Alguns estudos sugerem que a mudança climática não aumentará necessariamente o número de rios atmosféricos, mas pode aumentar sua variabilidade, diz Wilson. “Podemos ter mudanças mais frequentes entre as estações muito, muito, muito chuvosas e as estações muito, muito, muito secas.” Um clima mais quente em geral pode significar que a água é sugada do solo mais rapidamente.
É provável que esse cenário de gangorra torne a gestão da água um desafio ainda maior no oeste dos Estados Unidos, onde os rios atmosféricos já são uma bênção e uma maldição. Ainda assim, “estamos muito esperançosos”, diz Wilson, de que os dados acabem ajudando na complicada gestão hídrica da região, por exemplo, dando aos planejadores tempo suficiente para liberar água com segurança dos reservatórios antes que sejam inundados.

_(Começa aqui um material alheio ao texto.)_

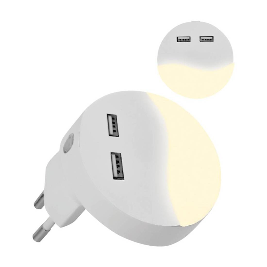 Con sensore crepuscolare e 2 porte USB. Realizzata in ABS e policarbonato di colore bianco, ha una forma rotonda e molto compatta. L'alimentazione è di tipo diretta da rete elettrica tramite spina 10A 2P integrata. Fascio luminoso diffuso e flusso di 10 lm, con copertura opaca. Dimensioni: mm 67x58, protezione IP20.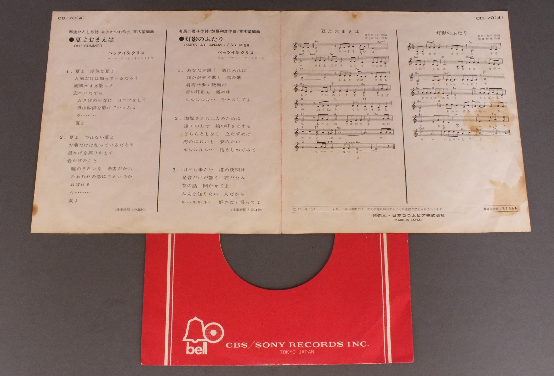BETSY & CHRISベッツイ&クリス/OH!SUMMER夏よおまえは CD70 製造国:日本盤 / Media:7inch外観:VG+盤の状態:EX 価格(税込):¥330(売約済) 送料 7inch:定形外郵便 360円~LP:定形外郵便 660円~送料は、注文の最終画面で確認頂けます。 > > BETSY & CHRIS/OH!SUMMER 外観 (VG+)特記事項:見開きや裏ジャケにシミ有り外観VG+の共通説明:ダメージやや有り。シミ、ヨゴレ、スレなど多少~やや多め。 盤の状態 (EX)特記事項:薄いスリキズ・スレ軽くある感じ。殆どが軽微なものの様子です。盤EXの共通説明:盤面のスリキズが薄いものが少し~軽度 音に出そうなものは無いように見える(軽微なソフトティック音は除く)。 Tweet それぞれの画像をクリックすると、大きい写真が見られます こちらの商品もお勧めです 1,760円 TAKASHI NISHIOKA西岡たかし / LIFEらいふ 1,980円 FRUIDO古井戸 / YESTERDAYSイエスタデイズ 1,980円 YUZO TOYAOTA豊田勇造 / LIVE拾得ライブ・走れアルマジロ 660円 RYOKO MORIYAMA森山良子 / RYOKO MORIYAMA SINGS LULLABY良子の子守唄 770円 IRUKAイルカ / WAGA KOKORNO TOMOHE我が心の友へ 1,650円 5 BALLOONS五つの赤い風船 / `75 880円 FURUIDO古井戸 / SKETCH OF ORANGE COLORオレンジ色のすけっち 770円 SHIGERU IZUMIYA泉谷しげる / GOLD RUSH黄金狂時代

Os eventos também fornecem até metade da precipitação anual da região, trazendo a tão necessária água para as terras áridas e completando a camada de neve nas altas montanhas, outro reservatório de água doce. As tempestades deste ano “fizeram muito para restaurar a seca da paisagem”, diz Ralph, “tornando a paisagem mais verde” e reabastecendo muitos reservatórios menores.
Mas “a seca é uma coisa complicada”, diz Ralph (SN: 16/04/20). Os níveis de água historicamente baixos em reservatórios maiores no oeste, como o lago Powell e o lago Mead, não são substituídos tão rapidamente. “Vai levar mais anos úmidos como este para se recuperar.”